The main purpose of the SRM project is to improve the efficiency and effectiveness of social programmes so that limited programme resources primarily reach the poor (i.e. minimizing leakage to non-poor) and the poor are not excluded (i.e. minimizing under-coverage of the poor). It has been designed to become an exhaustive and centralized database of social programme beneficiaries with the following objectives:
• to better identify beneficiaries of social programmes;
• to manage social programmes in an integrated way;
• to better harmonise the criteria for the different social programmes run by different Ministries; and
• to analyse cyclical and structural poverty reduction policies.
The SRM is therefore an instrument to assist government in identifying the beneficiaries of social programmes and deciding the level of assistance for each beneficiary. It will also serve to evaluate existing social programmes and improve performance and service delivery.

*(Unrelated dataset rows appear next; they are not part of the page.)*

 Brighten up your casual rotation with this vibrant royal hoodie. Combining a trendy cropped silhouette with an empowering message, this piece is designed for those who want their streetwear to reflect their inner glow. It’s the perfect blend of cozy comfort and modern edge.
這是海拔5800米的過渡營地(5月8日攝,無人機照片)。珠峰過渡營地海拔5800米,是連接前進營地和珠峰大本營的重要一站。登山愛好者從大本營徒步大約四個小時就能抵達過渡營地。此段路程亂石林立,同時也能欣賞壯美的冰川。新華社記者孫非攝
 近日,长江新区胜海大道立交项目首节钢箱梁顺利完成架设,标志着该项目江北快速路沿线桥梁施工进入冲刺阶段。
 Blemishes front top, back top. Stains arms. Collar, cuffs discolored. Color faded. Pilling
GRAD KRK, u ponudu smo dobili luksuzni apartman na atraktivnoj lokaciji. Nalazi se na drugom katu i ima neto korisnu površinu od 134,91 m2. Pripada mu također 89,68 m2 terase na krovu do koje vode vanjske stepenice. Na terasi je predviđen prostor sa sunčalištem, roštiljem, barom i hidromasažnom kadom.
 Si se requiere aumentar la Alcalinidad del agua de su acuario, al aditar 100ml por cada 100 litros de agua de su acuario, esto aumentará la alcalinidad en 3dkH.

Proxy Means Test allows us to estimate the income or consumption when precise measurements are unavailable or difficult to obtain mainly in countries where there is a large informal sector. In many cases it is difficult to tell how much a family earns or spends every month. Even the household members themselves might not be able to tell. However we can guess based on household characteristics. For example if we have two families same size, same district, same age but living in different houses, one house made of wood and the other made of concrete then our proxy will be “Type of Wall' and “Type of Roof". There is great variability in incomes, even between families living in houses made of wood so we should not limit ourselves to only one proxy. The PMT test uses many proxies to obtain a test that will accurately predict the income of different households.

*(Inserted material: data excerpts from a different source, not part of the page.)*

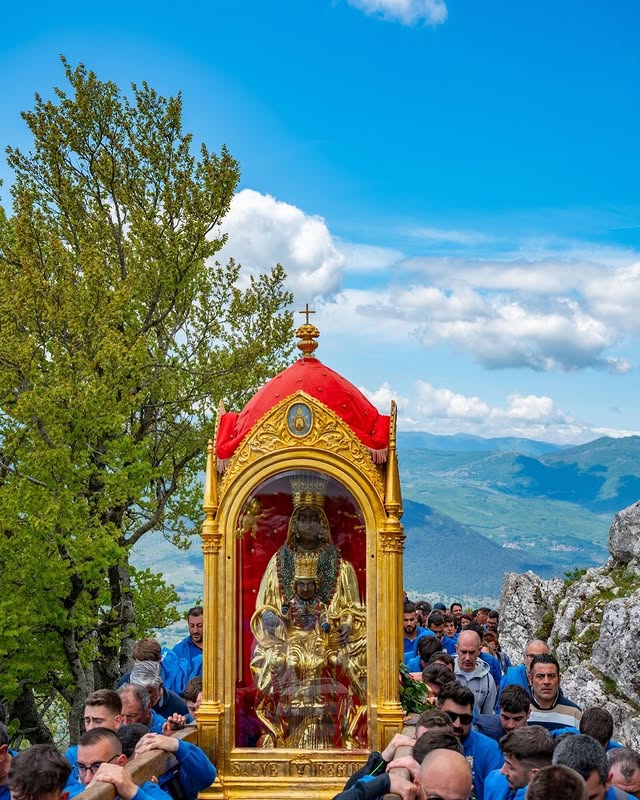 Il luogo sacro è ubicato, ad una altitudine di circa 1725 metri s.l.m, in un paesaggio mozzafiato nel Parco Nazionale dell’Appennino Lucano Val d’Agri Lagonegrese, ad una dozzina di chilometri da Viggiano. Il percorso è carrabile fino ad un certo punto, arrivati alla Piana Bonocore inizia il sentiero da percorrere a piedi, fatta eccezione per eventi straordinari in cui il clero è autorizzato a guidare dei veicoli, che si sviluppa per circa 2 km di tornanti. Nella prima domenica di maggio, come da tradizione secolare, una processione porta la statua lignea dalla chiesa di Viggiano, elevata da Paolo VI alla dignità di Basilica Minore l’11 dicembre 1965 con la bolla “Lucanae genti”, al Santuario sulla vetta del Monte (chiamato “Sacro Monte della Madonna di Viggiano”). All’interno del tempietto è custodita la buca dove, secondo la leggenda, sarebbe stata ritrovata, miracolosamente intatta, la scultura raffigurante la Madonna. Nella prima domenica di settembre, con un percorso inverso, la sacra effigie torna nella Basilica. Il primo accenno ad una cappella dedicata a “Santa Maria del Monte” si trova in una pergamena del 1393, la costruzione della chiesa e del campanile risalgono al XIV secolo. Distrutta da vari terremoti, la Basilica si presenta oggi con un impianto fondamentalmente settecentesco: una lapide ne ricorda la consacrazione il 31 maggio del 1735 ad opera del vescovo di Marsico mons. Alessandro Puoti. Agli inizi del XVI secolo i pontefici Giulio II e Paolo V riconoscevano personalità giuridica al Santuario al Monte, autorizzando l’erezione di un ospedale e di una confraternita presso la chiesa situata nel paese di Viggiano. Sotto il pontificato di Clemente XII, il 12 giugno 1740, il Santuario veniva affiliato alla Basilica Papale di Santa Maria Maggiore. Il 4 settembre 1892 mons. Tiberio Durante, vescovo di Marsico e Potenza, su decreto di Papa Leone XIII e del Capitolo di San Pietro, incoronò la sacra effigie. Il 28 aprile 1991, Papa Giovanni Paolo II incoronò nuovamente la Vergine: «Il sacro Monte di Viggiano mi porta spiritualmente al Santuario di Jasna Góra nella mia terra natale. La sacra immagine che si venera a Viggiano, e alla quale è particolarmente legata la vostra pietà popolare, si trova oggi qui tra noi. Poc’anzi ho benedetto le preziose corone e le ho offerte a nome vostro a Maria, Madre e Regina. “Salve Regina, Madre di Misericordia”, ricorda una nota e suggestiva antifona mariana. Madre misericordiosa è la Vergine, sostegno dei credenti e consolatrice degli afflitti. Madre soprattutto di chi soffre, degli ammalati, dei non vedenti, dei disabili e degli anziani» (Cfr. Giovanni Paolo II, Visita Pastorale in Basilicata: Regina Coeli, Area industriale di «Tito Scalo», Potenza, Domenica, 28 aprile 1991 - https://www.vatican.va/content/john-paul-ii/it/angelus/1991/documents/hf_jp-ii_reg_19910428.html). L’8 dicembre 1995, nel trentennale dell’elevazione del Santuario a Basilica, l’arcivescovo mons. Ennio Appignanesi, su richiesta e approvazione del consiglio comunale, conferiva a Viggiano il titolo di “Città di Maria”. L’8 dicembre dell’Anno Santo 2000 l’arcivescovo metropolita di Potenza-Muro Lucano-Marsico Nuovo mons. Ennio Appignanesi e gli arcivescovi e i vescovi della Provincia Ecclesiastica della Basilicata, visto il canone 1230 del Codice di Diritto Canonico, hanno conferito il titolo di ″Regina della Lucania″ alla venerata immagine della ″Beatissima Vergine Maria del Monte di Viggiano″ (Cfr. G. Aceto, Classificazione e Decreti dei Santuari della Basilicata, Città del Vaticano, Libreria Editrice Vaticana, 2019, p. 53). Dal 2008, il luogo sacro di Viggiano è gemellato con quello spagnolo di “Santa Maria de Montserrat”. In piazza Giovanni XXIII, a Viggiano, è possibile ammirare il monumento in bronzo a grandezza naturale, secondo per dimensioni in Basilicata solo al Cristo Redentore di Maratea, dedicato ai dodici portatori della statua della Madonna Nera, e di un tredicesimo fedele che indica ai portatori la strada verso il Santuario, realizzato nel 2016 dall’artista Felice Lovisco
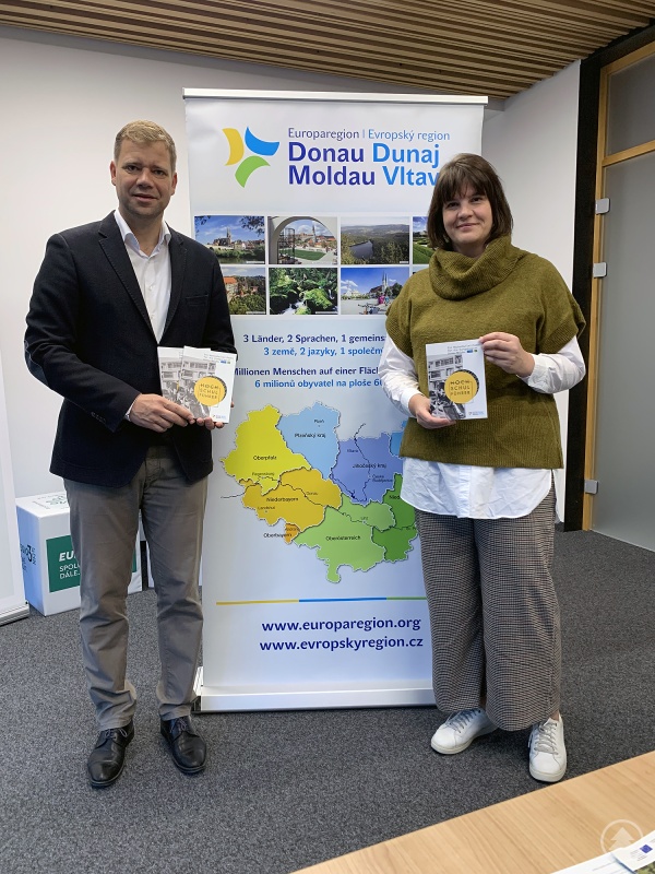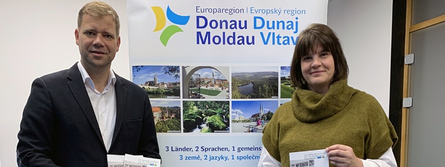 Bezirkstagspräsident und Vorsitzender der Europaregion Donau-Moldau in Niederbayern Dr. Olaf Heinrich präsentiert zusammen mit der Projektmanagerin Barbara Daferner den neuen Hochschulführer.
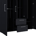 Wardrobe, Deluxe Armoire With Multiple Storage Options And Metal Accents, Black Black Particle Board Particle Board
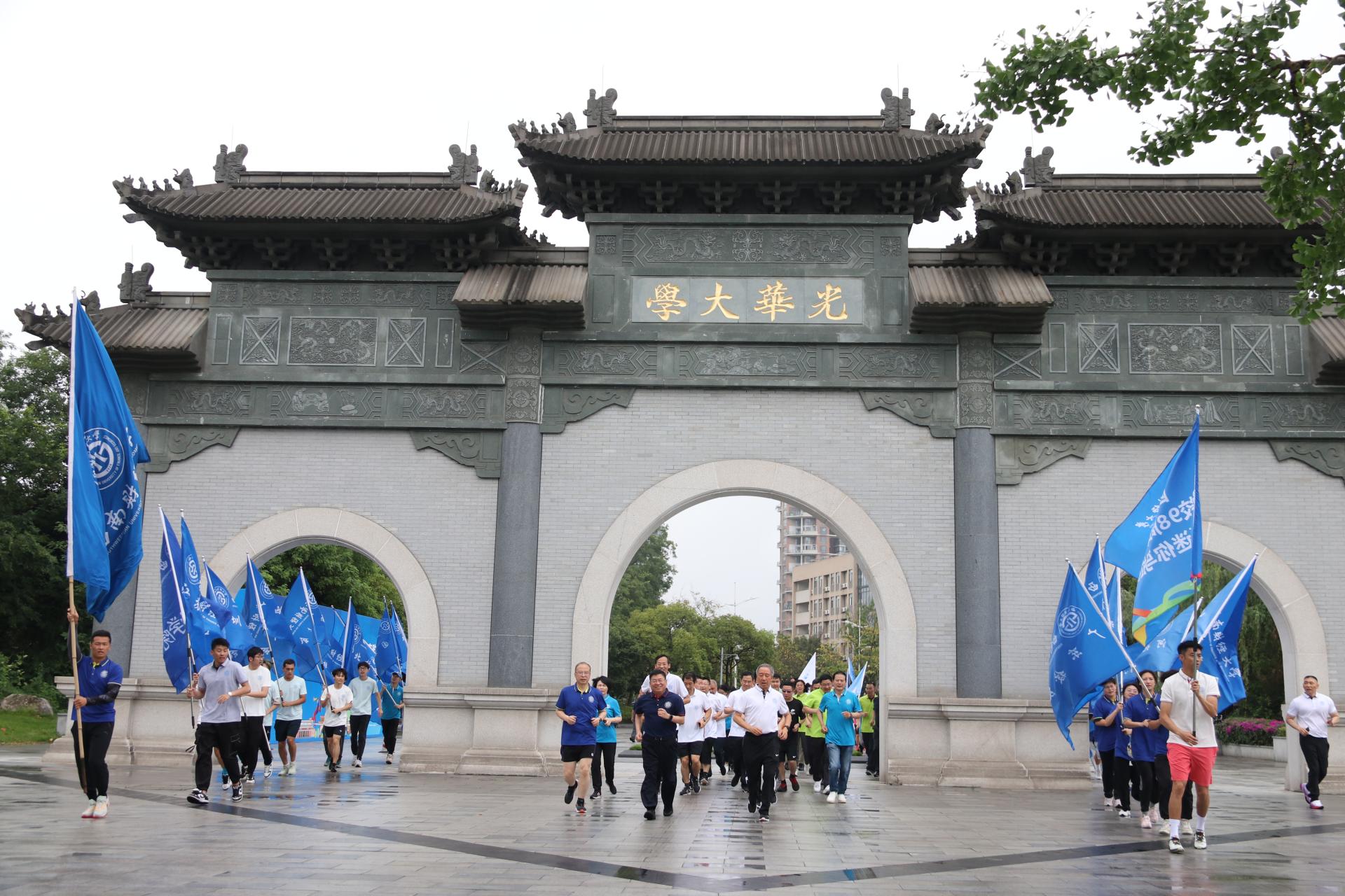 上午9时,“健康跑”首先在光华校区拉开帷幕,党委副书记、副校长李永强,党委常委、副校长张邦富带领相关中层干部及师生穿过芳草绿树,感受学校的深厚底蕴和“大运会”带来的蓬勃朝气。10时30分,在大屏幕上校友们声声祝福、校舞蹈队激情献舞的烘托下,党委书记赵德武发令枪声响起,柳林校区校庆“健康跑”活动正式开始。师生们身着印有校徽的五彩运动服从腾骧楼前启程,途径梅园、创业大道沿线,穿过光华大学校门来到济民广场,最后行经经世楼到达终点北大门。伴随“发展体育运动、增强人民体质”“经世济民,孜孜以求”“我运动、我健康,我运动、我快乐”的响亮口号,师生们、校友们用矫健的步伐表达对学校的祝福、对健康的守护、对生命的热爱。

Following the Household Budget Survey of 2006, a LCS (Living Condition Survey) was carried out to provide information on basic needs by consumption category and from this information, a method was designed to calculate monetary assessments of each of these basic needs.
The Household budget survey data was used for regressing the Living Standard variable on household characteristics easy to observe.
The Living standard predictions were calculated by defining the quantile regressions in terms of living standard levels i.e on household consumption levels representative of the poor.Precisely, the quantile regression centered in the quantile of living standard corresponding to the consumption- based Poverty Line was used.
The predicted consumption levels are multiplied by the number of adult equivalence scale and then compared against the Poverty lines of the Empowerment act (The per capita threshold table below refers) to identify the eligible poor and within these eligible households a further check is done based on their income which also include transfers, pensions etc.
In July 2010 a first PMT 1 formula was produced and it was used as from April 2012.
In 2015 a new PMT 2 formula was produced, this new PMT also included assets and it is still being used, only the CPI has been adjusted.